Previous studies have evaluated Enterococcus spp. bacteriuria compared with E coli bacteriuria, but to the authors’ knowledge, no studies have investigated Enterococcus spp. bacteria compared with all other agents of bacteriuria.² Additionally, few studies have reported on the outcomes of antimicrobial therapy. Thus, the primary goals of this study were to evaluate whether presence of lower urinary tract clinical signs was more commonly associated with enterococcal bacteriuria compared with other pathogens, whether enterococcal bacteriuria is more common in dogs with systemic comorbidities compared with other urinary pathogens, and whether resolution of clinical signs with empiric antimicrobial therapy is different in dogs with Enterococcus spp. bacteria compared with all other agents of bacteriuria. A secondary goal was to determine the frequency at which Enterococcus spp. are detected in polymicrobial UTIs in dogs, compared with other bacteria. We hypothesized that, compared with other bacteria, enterococci would be more commonly isolated in dogs with SBU and polymicrobial infections, and that when local or systemic comorbidities were present, enterococcal bacteriuria would be more common. We also hypothesized that dogs with nonenterococcal bacteriuria would have resolution of clinical signs more frequently than dogs with enterococcal bacteriuria with antimicrobial therapy.

Materials and Methods

A targeted search of clinical microbiology laboratory records was performed retrospectively to identify all positive canine urine cultures from April 2017 to December 2019. The clinical microbiology laboratory serves all patients at the Matthew J. Ryan Veterinary Hospital of the University of Pennsylvania, including primary care patients as well as tertiary referral patients. Data were subsequently filtered to identify urine specimens harboring Enterococcus spp. A single American College of Veterinary Medicine Board–certified (Small Animal Internal Medicine) author (E.J.S.) reviewed all medical records. A case was defined as a dog with a positive culture yielding Enterococcus at a clinically significant concentration (≥10³ colony forming units [CFU] per milliliter for urine collected via cystocentesis, ≥10⁴ CFU/mL for urine collected via catheterization, and ≥10⁵ CFU/mL for urine collected via free-catch).¹² Dogs with unavailable medical records were excluded from the study.

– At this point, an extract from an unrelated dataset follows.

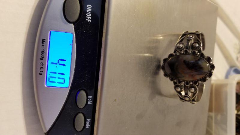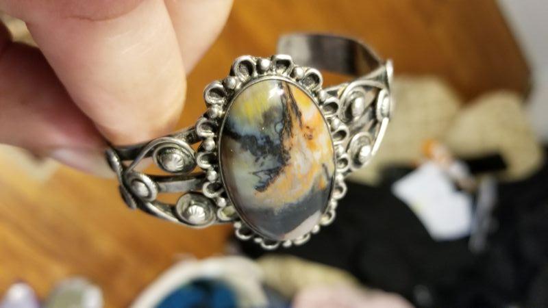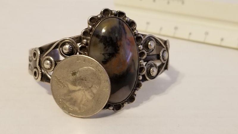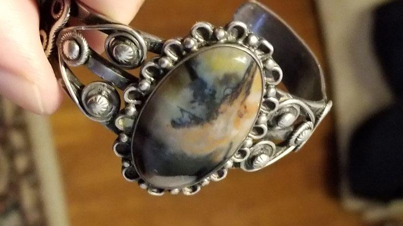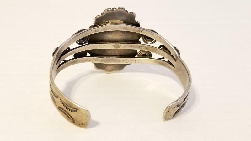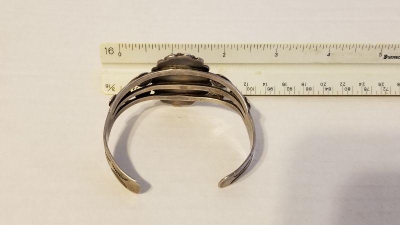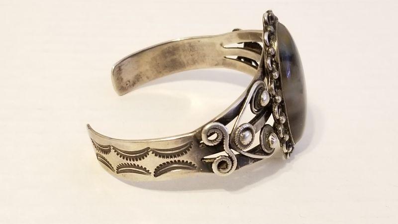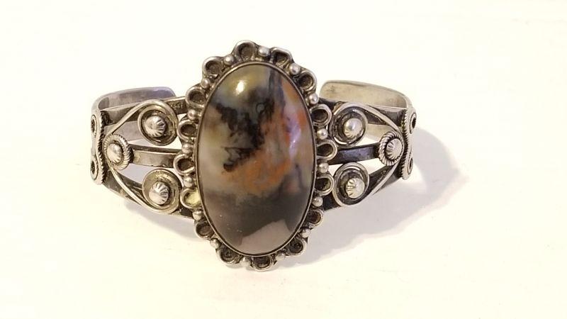 Breathtaking Navajo, tested Sterling (not marked), cuff bracelet. Stone is assumed to be petrified wood, but not 100% sure. Cold to the touch. Photographed in two different lighted areas - no flash or editing was done. In bright light or sunny areas it looks like the cover photo, in avg room lighting it looks a bit darker, but the veins / variations are just exquisite either way. Buy it now options comes with free insured shipping. Otherwise shipping fee will be applied.

Data collected from medical records included signalment, prior medical history, and body weight. Physical examination (including body condition score and anatomic urinary abnormalities), clinical signs (including hematuria, pollakiuria, stranguria, and/or dysuria), and urinalysis findings were reviewed and included if available. When available, antimicrobial therapy and resolution of clinical signs within 2 wk was evaluated. All treatments complied with the contemporary standard of care. Empiric antimicrobial choices were made by the primary clinician based on International Society for Companion Animal Infectious Diseases guidelines or based on results of culture and susceptibility. Records were evaluated for a historical or current diagnosis of endocrinopathies, myelopathies, gastrointestinal disease, renal disease based on International Renal Interest Society guidelines, immunosuppressive medication administration, urinary calculi, or urinary tract neoplasia. International Society for Companion Animal Infectious Diseases definitions for sporadic bacterial cystitis (first instance of bacteriuria within 6 mo) and recurrent bacterial cystitis (more than one instance in the preceding 6 mo) were used to categorize dogs based on timing of bacteriuria. Records were also evaluated for previously diagnosed urinary tract abnormalities not readily evident on physical examination, including ectopic ureters and persistent paramesonephric septal remnant.

Controls were selected from the same database containing all positive aerobic urine cultures. Controls were matched to cases based on the year in which the culture was performed, sex, age, and weight. If more than three controls were available, the first three were chosen alphabetically. Cultures were excluded from analysis if they did not meet the definition for significant growth defined for the Enterococcus spp. cases. For every aerobic urine culture positive for Enterococcus spp. growth, three aerobic urine cultures positive for any other bacterial species were selected as controls. Data retrieved from control medical records were the same as for cases.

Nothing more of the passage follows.